How to gather disk usage on a storage system faster than just using "du"?

Tommy picture Tommy · Jun 16, 2014 · Viewed 9k times · Source

I operates a Synology NAS device and the unit includes that over 600 users data.

The users backup data are tax accounting data. So, approximately one user's folder has 200,000 files.

I have to provide their backup data usage informations to each users, but since there are so many directories and files, the du command takes too long to execute.

Could someone provide me a way to check each user's disk usage in a faster way?

Answer

woot picture woot · Jun 16, 2014

There is no magic. In order to gather the disk usage, you'll have to traverse the file system. If you are looking for a method of just doing it at a file system level, that would be easy (just df -h for example)... but it sounds like you want it at a directory level within mount point.

You could perhaps run jobs in parallel on each directory. For example in bash:

for D in `ls -d */`
do
    du -s $D &
done

wait

But you are likely to be i/o bound, I think.
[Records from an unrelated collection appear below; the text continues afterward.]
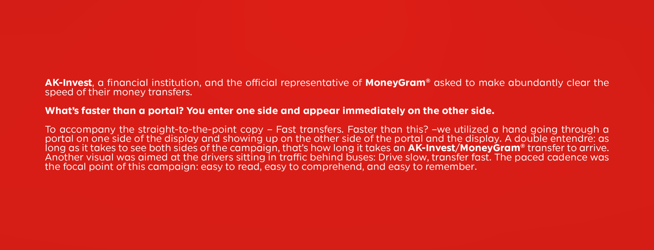 This professional campaign titled '"Faster than this?"' was published in Albania in November, 2022. It was created for the brand: AK Invest, by ad agency: BoldCrest. This OOH Outdoor medium campaign is related to the Finance industry and contains 8 media assets. It was submitted about 1 year ago.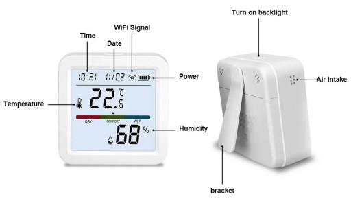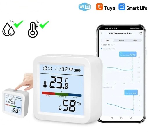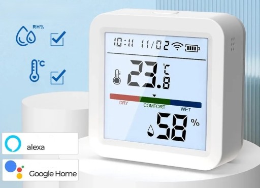 - Czujnik temperatury i wilgotności : mierzy zarówno poziom temperatury jak i wilgotności w domu dla optymalnego komfortu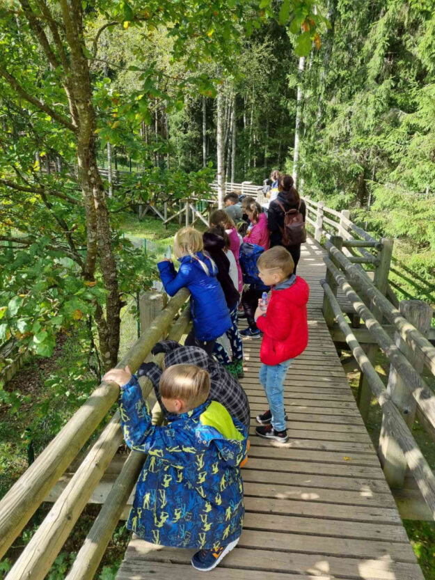 Apskatījām divus lāču puikas, meitenīte Ilzīte bija paslēpusies un gatavojās ziemai. Redzējām arī caunu, bet sesks bija ielīdis mājiņā sildīties. Mežacūkām ļoti patika dzīvoties zem koka saknēm un, spriežot pēc teritorijas, arī rakt daudz bedru. Lūšu ģimenes voljerā starp krūmiem un kokiem saskatījām lūšu mammu ar trīs lūsēniem. Vērojām pūces un ūpjus, uzzinājām, cik lieli spārni ir šiem putniem. Ekskursijā kopā ar gidu mūs pavadīja parka kaķis. Izbaudījām saulaino laiku un piknikojām parka teritorijā. Kopā ar gidu nogājām aptuveni 5 km. Paldies mūsu gidei par interesanto stāstījumu un pacietību, atbildot uz bērnu uzdotajiem jautājumiem un “Latvijas skolas somai” par apmaksātiem ceļa izdevumiem.
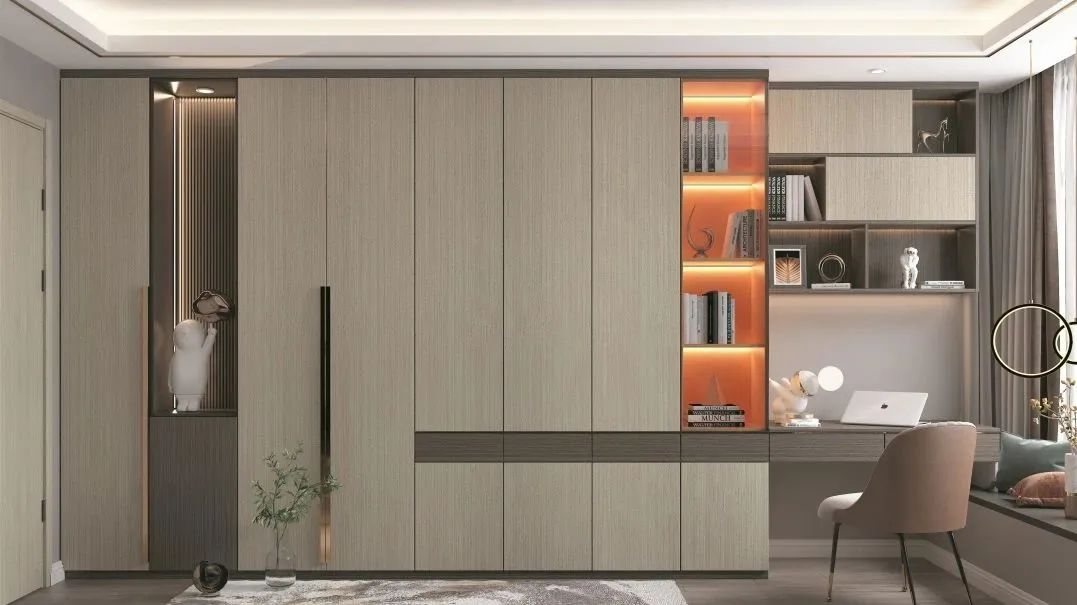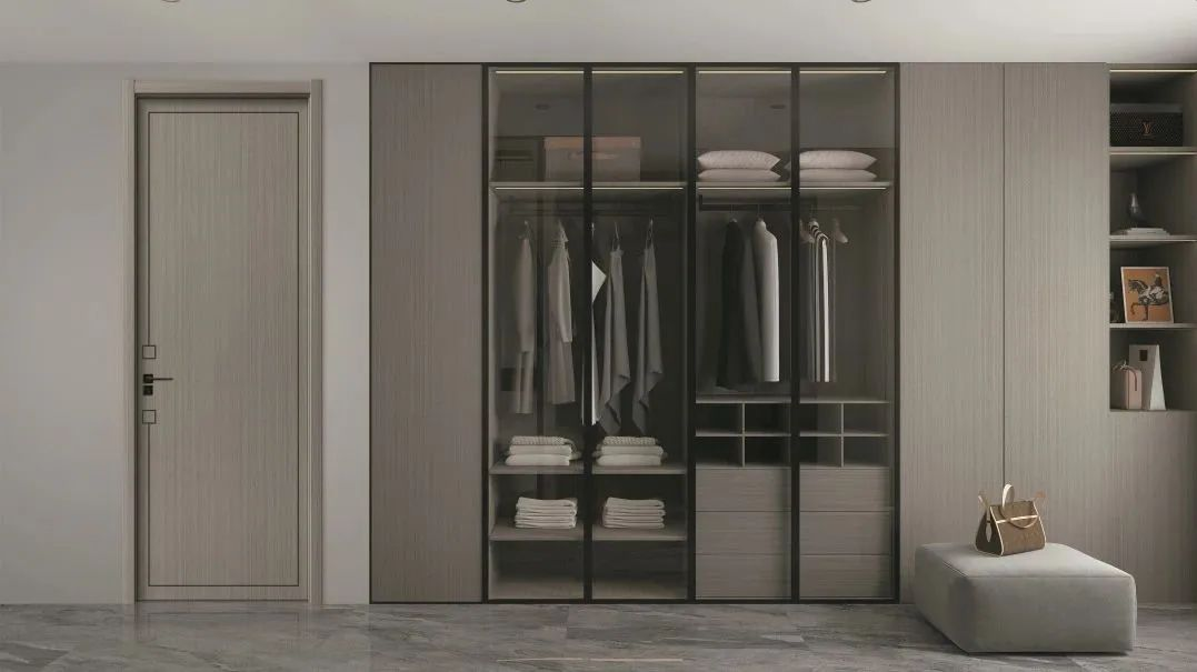 温厚敦实的木纹砖承接地面与墙面的连接,奠定了卧室沉稳宁静的基调,搭配象牙白护墙板,清雅舒适,浓淡相宜,层次逐级拉开,呈现出简而不凡的效果,给居者一个宁静居所。木寓意质朴、朴素,返璞归真之意,木质的沉淀,由空间内四散开来,以亲密性拉近空间与人的关系。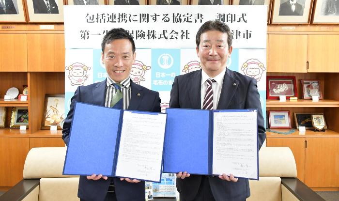 令和6年4月15日に第一生命保険株式会社堺支社と「シティプロモーション」「健康増進」「スポーツ振興」「地域・暮らしの安心安全」「地域活性化」の5分野にわたる包括連携協定を締結しました。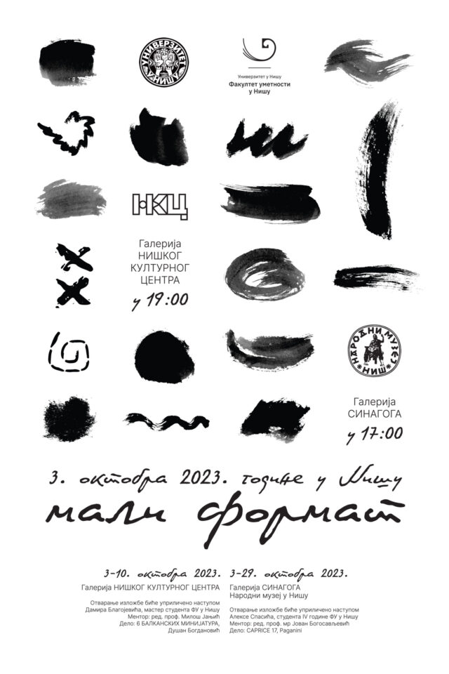 U okviru obeležavanja dana Fakulteta umetnosti u Nišu, Departman za likovne umetnosti zajedno sa Fakultetom i ove godine realizuje izložbu studentskih radova „Mali format“ sa ciljem uspostavljanja kontinuirane izlagačke prakse i saradnje sa fakultetima/Akademijama umetnosti, institucijama kulture, kolegama i studentima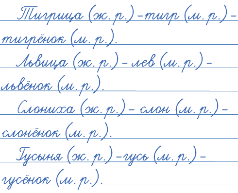 Тигрица (ж. р.) — тигр (м. р.) — тигрёнок (м. р.).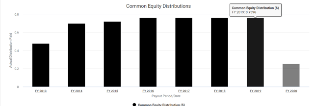 The REIT’s current distribution has been held steady since its last increase in 2015. In the first quarter of 2020, WPT paid out 108% of adjusted cash from operations. Between 2018 and 2019, WPT’s payout ratio averaged 96% of ACFO, leaving little room for near-term distribution increases. The firm will likely allocate additional capital to operational growth and balance sheet strengthening rather than distribution increases.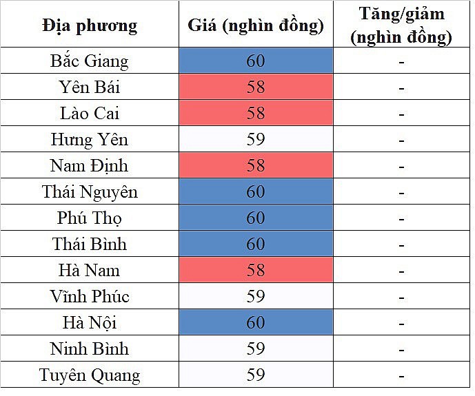 Theo đó, mức giá cao nhất khu vực 60.000 đồng/kg được ghi nhận tại Bắc Giang, Thái Nguyên, Phú Thọ, Thái Bình, Hà Nội.

Also, if you have a lot of top-level directories, this method might be... well... rather taxing since it doesn't have any kind of governing of max number of processes.

If you have GNU Parallel installed you can do something like:

ls -d */ | parallel du -s 

...which would be much better. parallel has a lot of nice features like grouping the output, governing the max processes, etc... and you can also pass in some parameters to tweak it some (although, like I mentioned earlier, you'll be i/o bound, so more processes is not better, in fact less than the default may be preferable).

The only other thought I have on this is to perhaps use disk quotas if that is really the point of what you are trying to do. There is a good tutorial here if you want to read about it.